Pourquoi est-ce que je ne parle que des histoires de Johnny Boy ? C’est vrai ça, c’est pas un peu obsessionnel ? Je pourrais pas m’occuper de mon cul un peu ?

Ah aha, mais c’est ce que j’ai fait. J’ai eu des crush moi aussi, sauf que je n’ai pas couché avec, je n’ai rien fait croire à personne et ces non-relations ont été problématiques à 0 moment. Ça vient de ma tendance à la prudence et à vouloir laisser hors de mon corps ce que je veux laisser hors de ma vie. C’est pour ça que je ne couche pas sans moult précautions et donc que je ne couche pas tout court. C’est un peu chiant mais j’espère que tu as remarqué que je suis loin d’imposer cette ascèse à Johnny Boy, quoique j’aimerais qu’il s’en approche un peu plus. Je suis prête à être tolérante.

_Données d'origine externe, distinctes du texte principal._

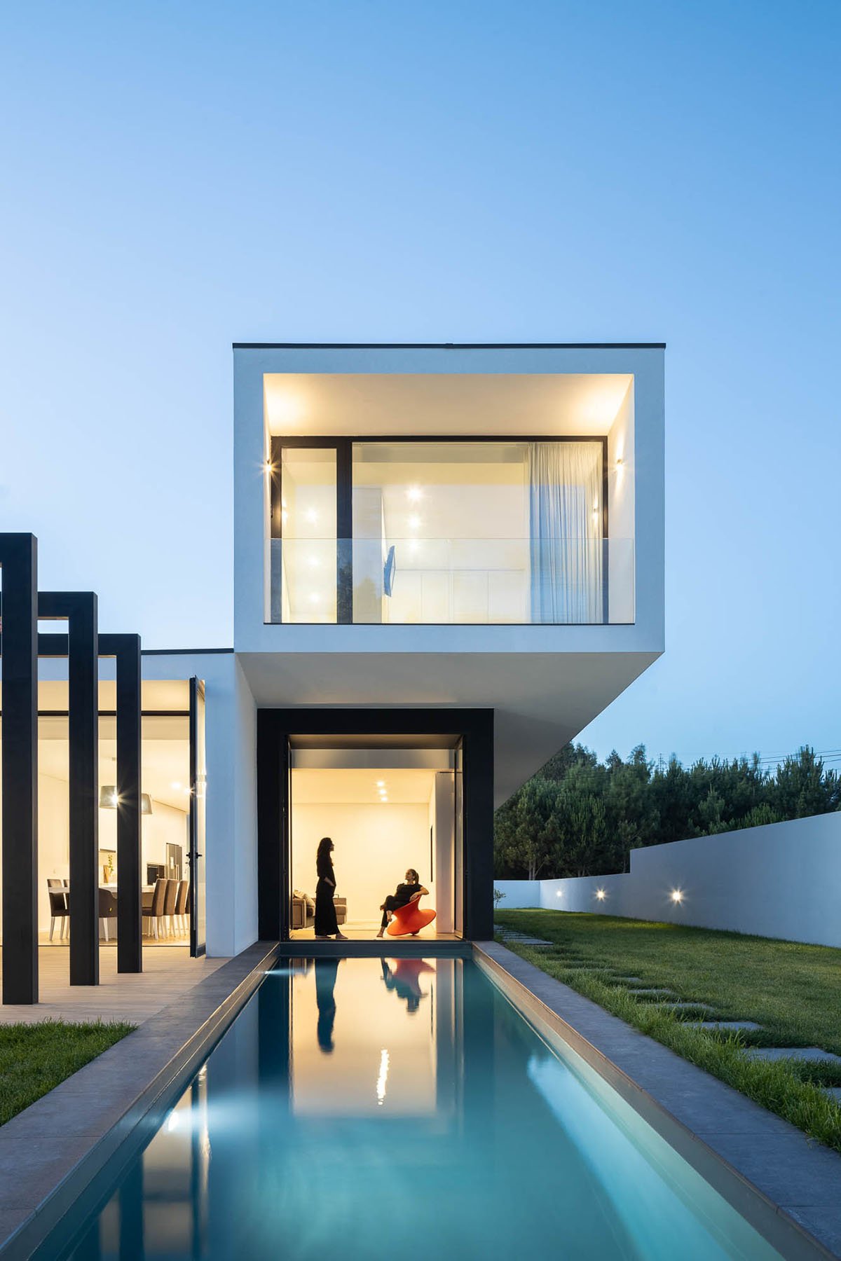 [Text as submitted by architect] This villa, located on the surroundings of the city of Aveiro, is part of a consolidated residential area, but with low occupancy density, being part of a housing complex of allotment, with some lots already built. The proposed building is a non-homogeneous piece, composed of different volumes that form a single body.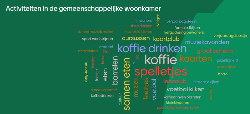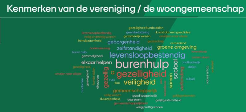 In de tweede bijeenkomst van de Woonco is een eerste aanzet gekregen voor een mogelijk visie. Op de vraag bij een digitale enquête naar de belangrijkste kenmerken van een woongemeenschap waren de meest gegeven antwoorden burenhulp, gezelligheid en veiligheid. En op de vraag wat de functie van de gemeenschappelijke ruimte zou moeten zijn scoorde buurtplein als hoogste. De deelnemers wilden daar graag koffiedrinken, spelletjes doen, samen eten en sport kijken op een groot scherm. Het belangrijkste voor het gehele project was het verkrijgen van een “levensbestendige woning en gemeenschappelijkheid”. Je zou mooie zinnen kunnen schrijven voor een visie, maar een visie moet gedragen worden, anders blijft het dood papier. We gaan hier 30 november verder over praten.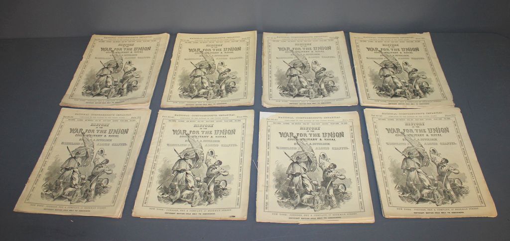 History war for Union Civil War by E.A. Duyckinck, Illustrated by Alonzo Chappel, Companion to the Battle of the United States, N.Y. 1862. Pages are unopened, they were intended to be bound, top pages still connected, having not been cut by the printer volumes 33-48. Some separation of top or last page.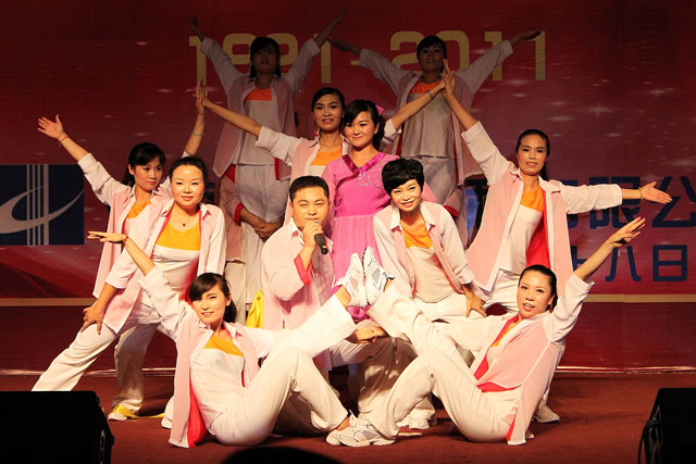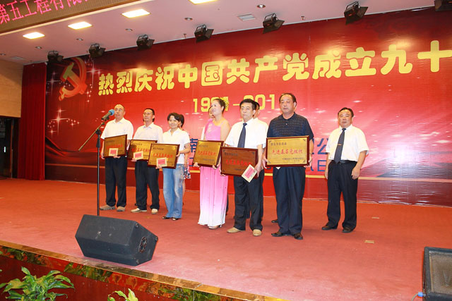 慶典活動第二部分為“慶祝建黨90周年文藝匯演”。按照公司黨委慶祝建黨90周年系列活動安排的要求,公司工會、黨委辦、群工部及所屬各單位黨委、支部、工會,經(jīng)過較長時(shí)間的精心組織排練,共選送了17個(gè)節(jié)目參加慶祝建黨90周年文藝匯演,節(jié)目包含合唱、舞蹈、歌伴舞、音樂小品、獨(dú)唱等多種形式,主題鮮明,內(nèi)容健康,表演精湛,整臺節(jié)目歷時(shí)2個(gè)小時(shí),精彩紛呈,掌聲不息。湖南五建兒女以動人的歌喉、優(yōu)美的舞姿、真摯的情感,表達(dá)著對黨的敬愛之情。經(jīng)過評委打分,直屬項(xiàng)目管理公司表演的《自豪的建設(shè)者》榮獲一等獎(jiǎng);勞動服務(wù)公司、金屬架料公司選送的《映山紅》與職工醫(yī)院選送的《五星紅旗》分獲二等獎(jiǎng);九圓建筑分公司、物業(yè)管理公司選送的《繡紅旗》、公司團(tuán)委選送的《旗幟更鮮艷》、長沙經(jīng)營總公司、長沙華宇公司選送的《龍的傳人》分獲三等獎(jiǎng);另有11個(gè)節(jié)目榮獲優(yōu)勝獎(jiǎng)。公司工會主席、紀(jì)委書記李金玉宣布節(jié)目獲獎(jiǎng)名單后,公司全體領(lǐng)導(dǎo)成員上臺為獲獎(jiǎng)節(jié)目頒獎(jiǎng),并與演員代表合影留念。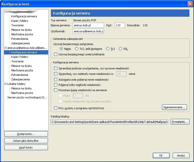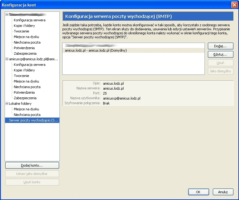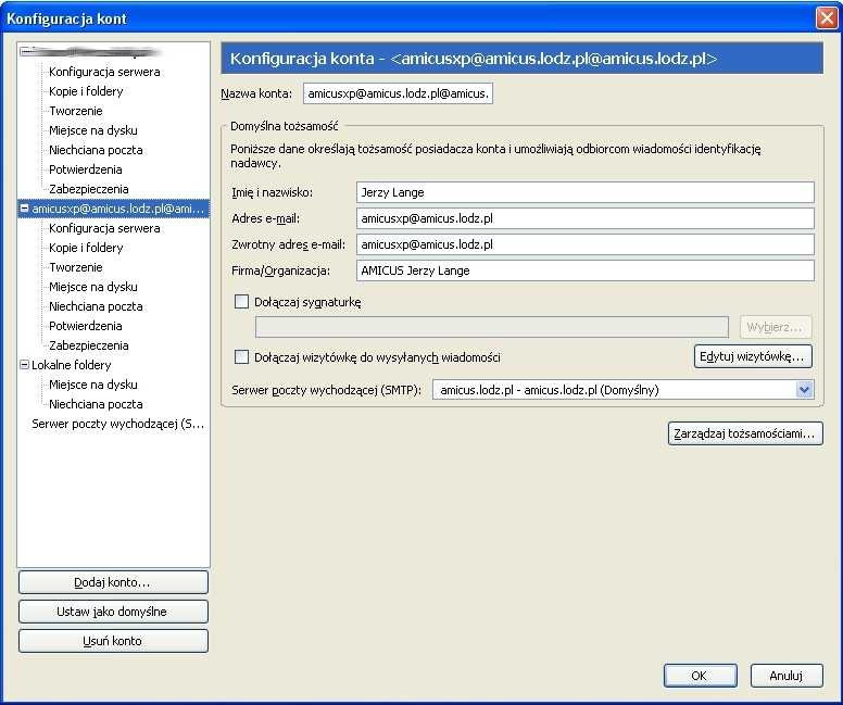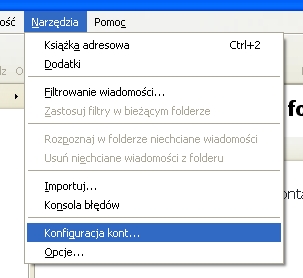 Poniżej opisano wzór konfiguracji konta poczty elektronicznej dla serwera obsługującego domenę amicus.lodz.pl po zmianach wprowadzonych od dnia 2008.05.24. Aby ustawić konfigurację konta pocztowego uruchamiamy program Mozilla Thuderbird. Następnie wybieramy funkcję Narzędzia | Konfiguracja kont ....

J’ai été confrontée aux relations de Johnny Boy puisque je voulais les connaître. Elles n’ont pas atteint toutes le même niveau de problématicité, y avait des variantes à chaque fois un peu. Ensuite elles ont été relativement nombreuses, je veux dire qu’elles ont occupé un espace-temps assez conséquent. Au lieu de dire que je suis obsessionnelle, on pourrait dire que c’est Johnny Boy qui l’a été. C’est parce que la liste est longue et un peu redondante qu’elle parait si… longue et redondante.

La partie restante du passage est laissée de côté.